Tell us more about the Zeitz MOCAA (Zeitz Museum of Contemporary Art Africa) in Cape Town – where did the idea come from and how did the project come to life?   My love for Africa goes back nearly 30 years, when I took my first trip there, and I’ve always been fascinated by the diverse cultures and extraordinary art being created in Africa. As CEO of Puma I had a deep connection with the continent as I sponsored many African athletes and football teams. I also sponsored an exhibition “30 Americans” which was the first of its kind and scale showcasing African American artists. It was hugely successful and is still traveling today. I felt contemporary African art needed a greater global platform, and started building a collection of contemporary art from Africa and the diaspora, focusing on the year 2000 onwards, specifically with a museum in mind. We found our partners at the V&A Waterfront in Cape Town, with Thomas Heatherwick transforming a derelict grain silo into a stunning contemporary art museum. We opened at the end of 2017 and Zeitz MOCAA has welcomed over 350,000 visitors in our first year, including more than 150,000 free entries as part of the “Access For All” programming, which is fantastic.

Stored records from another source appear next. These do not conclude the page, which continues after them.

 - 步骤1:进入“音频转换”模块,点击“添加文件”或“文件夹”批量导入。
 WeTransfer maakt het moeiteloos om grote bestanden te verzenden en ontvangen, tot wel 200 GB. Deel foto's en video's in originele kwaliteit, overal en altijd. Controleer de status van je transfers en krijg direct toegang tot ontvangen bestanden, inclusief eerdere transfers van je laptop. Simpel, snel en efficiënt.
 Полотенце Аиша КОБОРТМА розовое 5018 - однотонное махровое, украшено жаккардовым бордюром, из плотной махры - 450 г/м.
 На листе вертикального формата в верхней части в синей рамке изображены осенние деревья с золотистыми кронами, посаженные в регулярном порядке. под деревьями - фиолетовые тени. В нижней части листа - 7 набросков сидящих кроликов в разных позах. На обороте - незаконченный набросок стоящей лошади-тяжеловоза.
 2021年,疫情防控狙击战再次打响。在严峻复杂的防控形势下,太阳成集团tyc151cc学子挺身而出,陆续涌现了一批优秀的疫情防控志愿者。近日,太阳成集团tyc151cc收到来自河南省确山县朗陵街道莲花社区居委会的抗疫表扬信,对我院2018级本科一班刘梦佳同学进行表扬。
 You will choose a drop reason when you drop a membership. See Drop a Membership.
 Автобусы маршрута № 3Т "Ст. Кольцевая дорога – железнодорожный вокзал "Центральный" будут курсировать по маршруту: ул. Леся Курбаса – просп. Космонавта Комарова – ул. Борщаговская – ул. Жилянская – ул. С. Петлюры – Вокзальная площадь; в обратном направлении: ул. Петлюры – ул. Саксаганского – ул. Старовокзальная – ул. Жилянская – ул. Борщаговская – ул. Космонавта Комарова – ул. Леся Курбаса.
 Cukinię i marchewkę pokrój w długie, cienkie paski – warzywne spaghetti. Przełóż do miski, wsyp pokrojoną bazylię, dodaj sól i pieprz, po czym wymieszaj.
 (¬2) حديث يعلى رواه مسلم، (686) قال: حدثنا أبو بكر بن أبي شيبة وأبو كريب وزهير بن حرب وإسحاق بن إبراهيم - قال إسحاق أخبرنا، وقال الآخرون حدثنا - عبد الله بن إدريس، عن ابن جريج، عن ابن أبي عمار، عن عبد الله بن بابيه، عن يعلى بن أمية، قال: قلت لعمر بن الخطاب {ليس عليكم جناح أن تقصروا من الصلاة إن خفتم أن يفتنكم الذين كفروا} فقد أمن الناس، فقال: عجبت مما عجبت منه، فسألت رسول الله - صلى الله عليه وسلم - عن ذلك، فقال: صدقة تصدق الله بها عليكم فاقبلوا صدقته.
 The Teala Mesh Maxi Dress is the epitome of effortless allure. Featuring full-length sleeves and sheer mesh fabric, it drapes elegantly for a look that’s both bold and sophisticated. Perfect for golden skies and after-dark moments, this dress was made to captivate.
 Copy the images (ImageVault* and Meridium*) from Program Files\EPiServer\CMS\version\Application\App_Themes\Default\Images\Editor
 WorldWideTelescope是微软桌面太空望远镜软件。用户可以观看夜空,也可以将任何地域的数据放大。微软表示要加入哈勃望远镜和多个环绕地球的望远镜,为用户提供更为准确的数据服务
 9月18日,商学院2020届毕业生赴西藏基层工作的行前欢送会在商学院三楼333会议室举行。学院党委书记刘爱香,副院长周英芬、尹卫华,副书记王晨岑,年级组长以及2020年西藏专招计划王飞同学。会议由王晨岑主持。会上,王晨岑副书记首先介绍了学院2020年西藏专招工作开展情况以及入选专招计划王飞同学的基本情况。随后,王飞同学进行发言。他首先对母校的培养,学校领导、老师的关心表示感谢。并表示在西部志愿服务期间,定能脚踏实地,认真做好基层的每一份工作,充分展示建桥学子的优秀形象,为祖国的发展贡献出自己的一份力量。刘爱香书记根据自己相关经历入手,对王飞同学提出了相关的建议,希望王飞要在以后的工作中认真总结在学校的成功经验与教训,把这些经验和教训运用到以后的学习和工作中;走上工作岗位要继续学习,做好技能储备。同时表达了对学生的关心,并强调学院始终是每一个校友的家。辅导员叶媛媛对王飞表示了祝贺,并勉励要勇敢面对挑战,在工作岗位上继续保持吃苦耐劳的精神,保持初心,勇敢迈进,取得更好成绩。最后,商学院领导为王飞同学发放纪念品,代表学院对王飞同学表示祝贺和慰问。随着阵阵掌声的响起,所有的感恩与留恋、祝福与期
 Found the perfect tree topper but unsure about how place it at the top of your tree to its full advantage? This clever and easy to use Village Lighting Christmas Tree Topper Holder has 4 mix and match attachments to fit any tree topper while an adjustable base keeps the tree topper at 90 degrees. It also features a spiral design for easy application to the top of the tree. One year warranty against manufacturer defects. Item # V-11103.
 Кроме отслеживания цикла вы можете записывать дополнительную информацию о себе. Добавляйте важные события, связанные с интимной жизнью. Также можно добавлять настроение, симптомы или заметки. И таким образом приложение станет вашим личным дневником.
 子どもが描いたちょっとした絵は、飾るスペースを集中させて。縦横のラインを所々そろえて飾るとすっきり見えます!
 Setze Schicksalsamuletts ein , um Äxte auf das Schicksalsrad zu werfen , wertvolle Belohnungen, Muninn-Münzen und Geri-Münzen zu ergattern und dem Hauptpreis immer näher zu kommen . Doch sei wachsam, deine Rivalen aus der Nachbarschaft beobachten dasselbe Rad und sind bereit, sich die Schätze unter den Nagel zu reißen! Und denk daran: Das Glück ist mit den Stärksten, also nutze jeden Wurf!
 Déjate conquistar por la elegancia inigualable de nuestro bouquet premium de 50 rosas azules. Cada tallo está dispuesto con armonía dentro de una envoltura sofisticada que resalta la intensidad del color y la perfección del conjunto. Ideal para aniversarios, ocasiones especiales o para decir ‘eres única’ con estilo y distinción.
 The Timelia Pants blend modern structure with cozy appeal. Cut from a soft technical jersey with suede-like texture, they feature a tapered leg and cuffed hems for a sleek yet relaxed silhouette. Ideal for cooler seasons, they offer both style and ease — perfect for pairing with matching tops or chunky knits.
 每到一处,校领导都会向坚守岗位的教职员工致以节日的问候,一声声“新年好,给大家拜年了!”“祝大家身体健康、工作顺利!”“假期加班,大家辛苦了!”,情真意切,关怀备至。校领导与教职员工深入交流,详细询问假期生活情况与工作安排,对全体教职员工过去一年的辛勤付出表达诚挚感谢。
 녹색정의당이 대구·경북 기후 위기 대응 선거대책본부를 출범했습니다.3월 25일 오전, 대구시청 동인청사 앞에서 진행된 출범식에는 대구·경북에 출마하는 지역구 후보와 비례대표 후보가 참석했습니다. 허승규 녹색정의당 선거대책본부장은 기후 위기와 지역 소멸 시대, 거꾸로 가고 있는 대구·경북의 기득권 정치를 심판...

The world we find ourselves working in is a privileged one but can luxury travel and sustainability truly support one another?  Absolutely luxury travel and sustainability can support one another, and more importantly in today’s world, it must. I also think discerning travellers want to feel like their money is being well spent, so sustainable tourism is the way forward. Tourism is a huge, booming industry worth over $7 trillion, employing 1 in 10 workers in the world, but it also responsible for 8% of all carbon emissions globally, and it contributes not just to cultural preservation, but also it’s destruction. So we have a huge obligation as part of the tourist industry to take care of the planet. With our retreat in Kenya we took 50,000 acres of degraded cattle ranch land with no tourism, no electricity, limited access to water and very little wildlife and brought it back to life – building Segera into a high-end, positive impact, eco-luxury safari and cultural retreat. The retreat is completely sustainable; powered on solar energy and using harvested and recycled rain water. I also expanded the Zeitz Foundation’s 4C philosophy into the creation of ‘The Long Run’ initiative – which is today the leading private conservation network of sustainable tourism businesses, all following the 4C philosophy, preserving over 13 million acres around the world and growing rapidly.

As an avid traveller where in the world inspires you? Anywhere where you can be humbled by the beauty of nature, whether that’s the vast isolated oceans of Antarctica, where I spent some time on an ice-breaker a couple of years ago, or the magnificent plains of Africa, where I am lucky to spend a huge amount of time at my home.  

Share with us one of your favourite snap-shots from the past 12 months.  It was actually this morning at home on Segera Retreat in Kenya. My wife and I got our kids out of bed at 6am and went out on a game drive in our pyjamas. We saw the sun rise over Mount Kenya, watching two lionesses and their cubs playing together. I don’t think life gets much better than that. 

Finally, what or where have you set your sights on next?  I hope to continue expanding the preservation of millions of acres of land through The Long Run initiative, and on a personal level, my top priority will be making sure that Segera – it’s wildlife, landscapes and communities – can be maintained for future generations. Being the caretaker of a wildlife conservancy of this size is a huge commitment – financially, mentally and emotionally – and it will be my life’s work to protect this very precious part of the world.